#### TASK TO CARRY OUT
Print all entries below exactly, without images.

[Records excerpted from a collection]
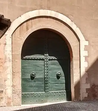 Porta San Pellegrino is a gate in the outer wall of Vatican City. It is located beside Bernini's Colonnade and the small Vatican post; it is also known as Porta Viridaria. Rebuilt by Pope Alexander VI in 1492, the gate is surmounted by his papal coat of arms. The gate is little used.[1] Originally part of the ninth-century Leonine Walls commissioned by Pope Leo IV to defend St. Peter's Basilica from Saracen raids, it once marked the principal northern entrance for pilgrims. Although its military purpose has long passed, the gate's austere ashlar masonry and heraldic reliefs still evoke its defensive and ceremonial significance.
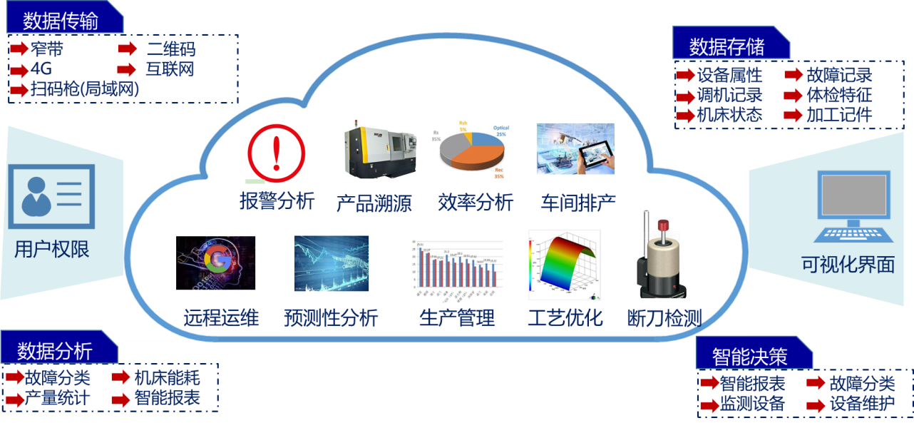 目前,NC-Link協議已在武漢華中數控股份有限公司、廣州數控設備有限公司、科德數控股份有限公司、沈陽高精數控股份有限公司、沈機(上海)智能系統研發設計有限公司等聯盟成員的數控產品實現了應用。同時,在武漢、上海、廣州、西安、廣東等地建立了云數據中心,搭配自主研發NB-IoT等通訊裝置,在數千家企業及高校(包括華中數控公司、華數機器人公司、蘇州勝利精密公司、東莞勁勝公司、東風楚凱公司、寶雞機床集團、吉林通用機械集團、華中科技大學等)進行了部署實施,每天匯聚并處理上億條數據,采集數控裝備中上千個點位信息,涵蓋設備狀態、報警信息、加工計件、采樣數據、調機數據等各種工況。
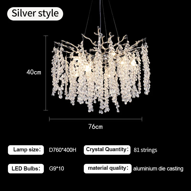 Fabriqué à partir de matériaux de première qualité, ce lustre à LED en cristaux garantit durabilité et longévité. La finition en nickel et la structure en cristal ne sont pas seulement esthétiques, mais également écologiques. Les ampoules LED, bien qu'elles ne soient pas incluses, sont faciles à intégrer, vous permettant d'opter pour des choix d'éclairage qui correspondent à vos besoins. Les ampoules LED sont connues pour leur faible consommation d'énergie et leur durée de vie prolongée, ce qui les rend idéales pour un éclairage durable.
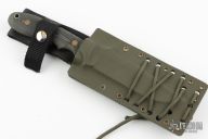 This knife by Newt Livesay features a black clip point blade with false top edge, .215" blade stock and 1.222" blade depth, full tang construction. The handle has black linen micarta scales. Comes with a kydex sheath with a belt clip. Has some light scratches, otherwise excellent condition.
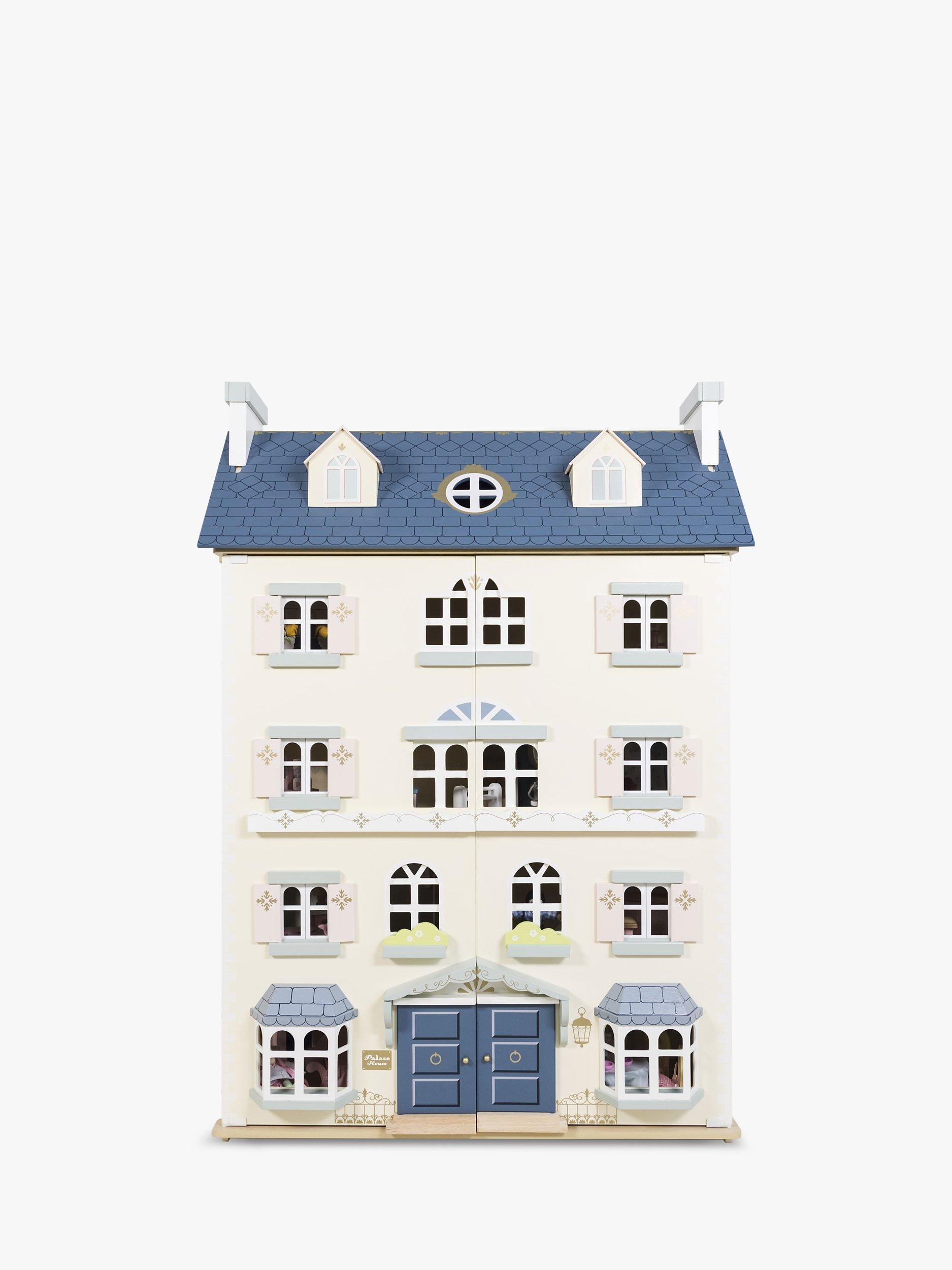 A truly palatial doll house, fit for royalty. Featuring five floors, an array of window styles, unique wallpapers in each room, back windows to let the light shine through, beautiful staircases and an impressive regal double front door.
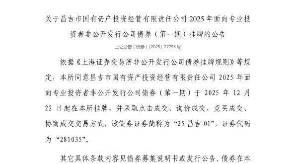 依据《上海证券交易所非公开发行公司债券挂牌规则》等规定,上交所同意昌吉市国有资产投资经营有 限责任公司2025年面向专业投资者非公开发行公司债券(第一期)于2025年12月22日起在上交所挂牌, 并采取点击成交、询价成交、竞买成交、协商成交交易方式。该债券证券简称为"25昌吉01",证券代码 为"281035"。 12月19日,上交所发布关于昌吉市国有资产投资经营有限责任公司2025年面向专业投资者非公开发行公 司债券(第一期)挂牌的公告。 来源:市场资讯 ...
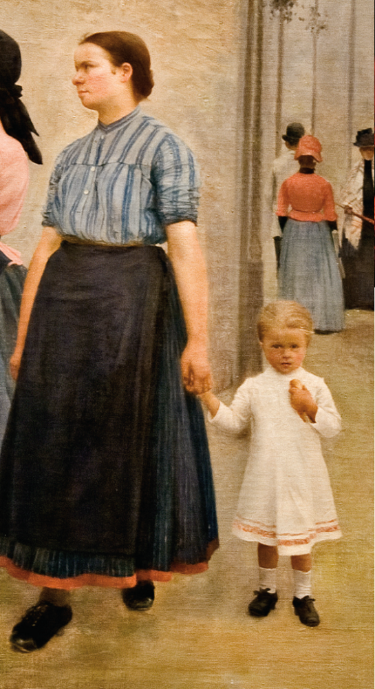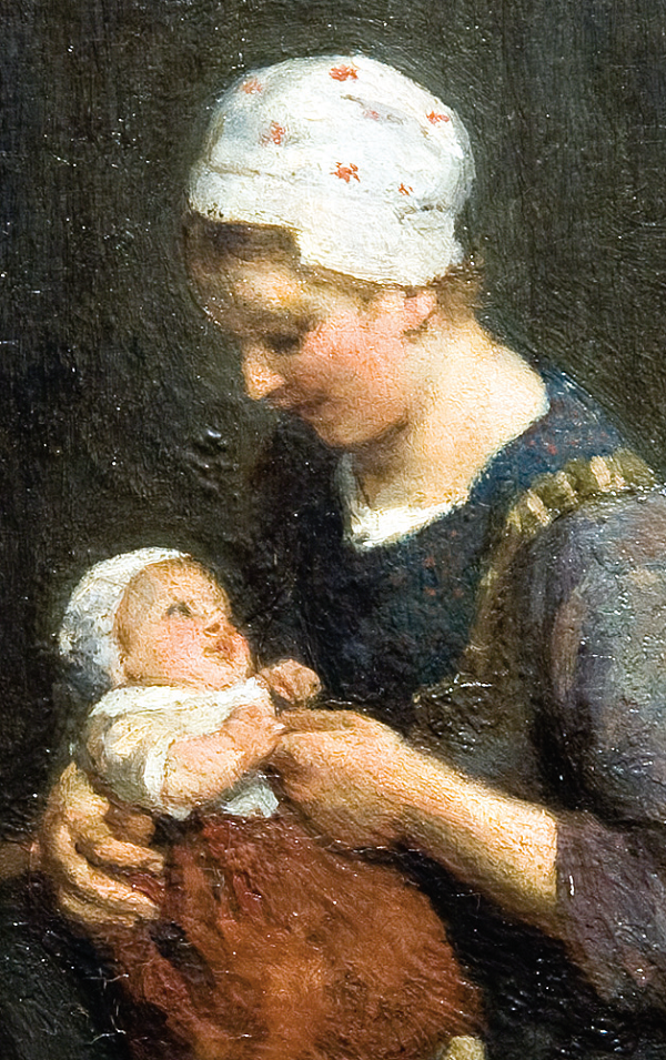La madre, timorosa per i pericoli a cui si espone il fragile figlio, lo prende in braccio
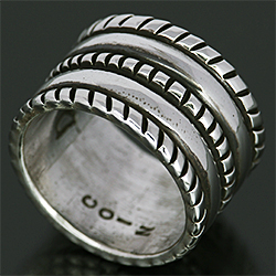 | NAVAJO/ナバホ族のアーティスト Darryl Dean Begay/ダリル・ディーン・ビゲイに制作を依頼したコインシルバーのリングです。 チゼルを使用することで生まれる断面の緩やかなカーブはオールドジュエリー特有の表現方法です。 機械で作ったような綺麗さではなく、地金の表面は溶かした後のス穴も見受けられ、手作りの温かみが感じられる作品に仕上がっています。 | ||
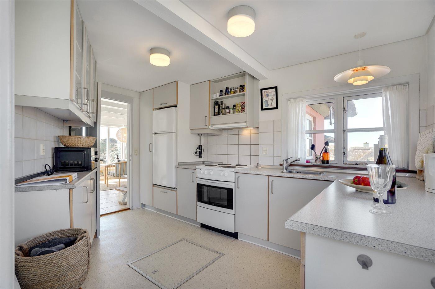 Die Küche ist mit Kühlschrank ausgestattet. Außerdem gibt es 4 elektrische Kochplatten, Umluftofen, Mikrowelle sowie Geschirrspüler.
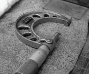 | ■マクロメーター マクロメーターという、計測器。 1/100mm単位が計測でき、金型の深さを調べる器具。 この計測器で、精度を測り、時計の裏蓋などの原型を作り、信頼を得てきた。 |
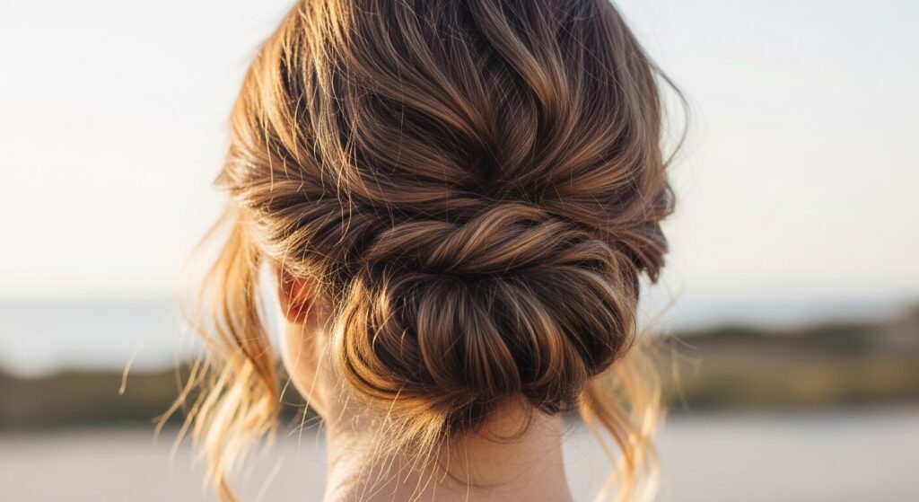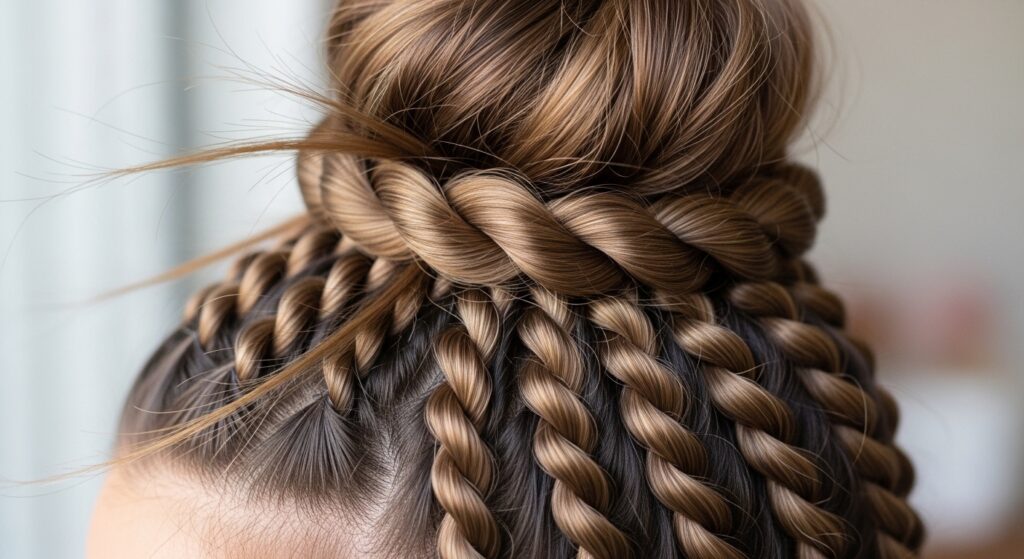 Texture and interest, achieved simply. Take the top section of your hair and split it into two equal parts. Twist each section tightly in the same direction, then twist them together around each other. Wrap this twisted rope into a bun and secure. This technique creates a beautiful, textured knot that looks far more complicated than it is, and it holds remarkably well on slippery hair.
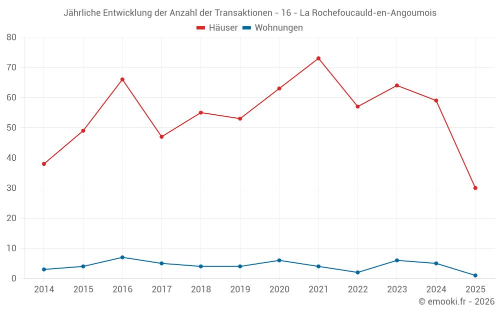 Der Durchschnittspreis auf den 30 Hausgeschäften der letzten 6 Monate in der Gemeinde La Rochefoucauld-en-Angoumois betrug 1 316 € pro Quadratmeter für einen mittleren Immobilienwert von 155 700 €. Über diesen Zeitraum hinweg lagen 60% der Transaktionen zwischen 926 und 1 744 € pro Quadratmeter (vom 2. bis zum 8. Dezil).

#### ANSWER TO THIS PROBLEM
 Porta San Pellegrino is a gate in the outer wall of Vatican City. It is located beside Bernini's Colonnade and the small Vatican post; it is also known as Porta Viridaria. Rebuilt by Pope Alexander VI in 1492, the gate is surmounted by his papal coat of arms. The gate is little used.[1] Originally part of the ninth-century Leonine Walls commissioned by Pope Leo IV to defend St. Peter's Basilica from Saracen raids, it once marked the principal northern entrance for pilgrims. Although its military purpose has long passed, the gate's austere ashlar masonry and heraldic reliefs still evoke its defensive and ceremonial significance.
 目前,NC-Link協議已在武漢華中數控股份有限公司、廣州數控設備有限公司、科德數控股份有限公司、沈陽高精數控股份有限公司、沈機(上海)智能系統研發設計有限公司等聯盟成員的數控產品實現了應用。同時,在武漢、上海、廣州、西安、廣東等地建立了云數據中心,搭配自主研發NB-IoT等通訊裝置,在數千家企業及高校(包括華中數控公司、華數機器人公司、蘇州勝利精密公司、東莞勁勝公司、東風楚凱公司、寶雞機床集團、吉林通用機械集團、華中科技大學等)進行了部署實施,每天匯聚并處理上億條數據,采集數控裝備中上千個點位信息,涵蓋設備狀態、報警信息、加工計件、采樣數據、調機數據等各種工況。
 Fabriqué à partir de matériaux de première qualité, ce lustre à LED en cristaux garantit durabilité et longévité. La finition en nickel et la structure en cristal ne sont pas seulement esthétiques, mais également écologiques. Les ampoules LED, bien qu'elles ne soient pas incluses, sont faciles à intégrer, vous permettant d'opter pour des choix d'éclairage qui correspondent à vos besoins. Les ampoules LED sont connues pour leur faible consommation d'énergie et leur durée de vie prolongée, ce qui les rend idéales pour un éclairage durable.
 This knife by Newt Livesay features a black clip point blade with false top edge, .215" blade stock and 1.222" blade depth, full tang construction. The handle has black linen micarta scales. Comes with a kydex sheath with a belt clip. Has some light scratches, otherwise excellent condition.
 A truly palatial doll house, fit for royalty. Featuring five floors, an array of window styles, unique wallpapers in each room, back windows to let the light shine through, beautiful staircases and an impressive regal double front door.
 依据《上海证券交易所非公开发行公司债券挂牌规则》等规定,上交所同意昌吉市国有资产投资经营有 限责任公司2025年面向专业投资者非公开发行公司债券(第一期)于2025年12月22日起在上交所挂牌, 并采取点击成交、询价成交、竞买成交、协商成交交易方式。该债券证券简称为"25昌吉01",证券代码 为"281035"。 12月19日,上交所发布关于昌吉市国有资产投资经营有限责任公司2025年面向专业投资者非公开发行公 司债券(第一期)挂牌的公告。 来源:市场资讯 ...
La madre, timorosa per i pericoli a cui si espone il fragile figlio, lo prende in braccio
 | NAVAJO/ナバホ族のアーティスト Darryl Dean Begay/ダリル・ディーン・ビゲイに制作を依頼したコインシルバーのリングです。 チゼルを使用することで生まれる断面の緩やかなカーブはオールドジュエリー特有の表現方法です。 機械で作ったような綺麗さではなく、地金の表面は溶かした後のス穴も見受けられ、手作りの温かみが感じられる作品に仕上がっています。 | ||
 Die Küche ist mit Kühlschrank ausgestattet. Außerdem gibt es 4 elektrische Kochplatten, Umluftofen, Mikrowelle sowie Geschirrspüler.
 | ■マクロメーター マクロメーターという、計測器。 1/100mm単位が計測でき、金型の深さを調べる器具。 この計測器で、精度を測り、時計の裏蓋などの原型を作り、信頼を得てきた。 |
 Texture and interest, achieved simply. Take the top section of your hair and split it into two equal parts. Twist each section tightly in the same direction, then twist them together around each other. Wrap this twisted rope into a bun and secure. This technique creates a beautiful, textured knot that looks far more complicated than it is, and it holds remarkably well on slippery hair.
 Der Durchschnittspreis auf den 30 Hausgeschäften der letzten 6 Monate in der Gemeinde La Rochefoucauld-en-Angoumois betrug 1 316 € pro Quadratmeter für einen mittleren Immobilienwert von 155 700 €. Über diesen Zeitraum hinweg lagen 60% der Transaktionen zwischen 926 und 1 744 € pro Quadratmeter (vom 2. bis zum 8. Dezil).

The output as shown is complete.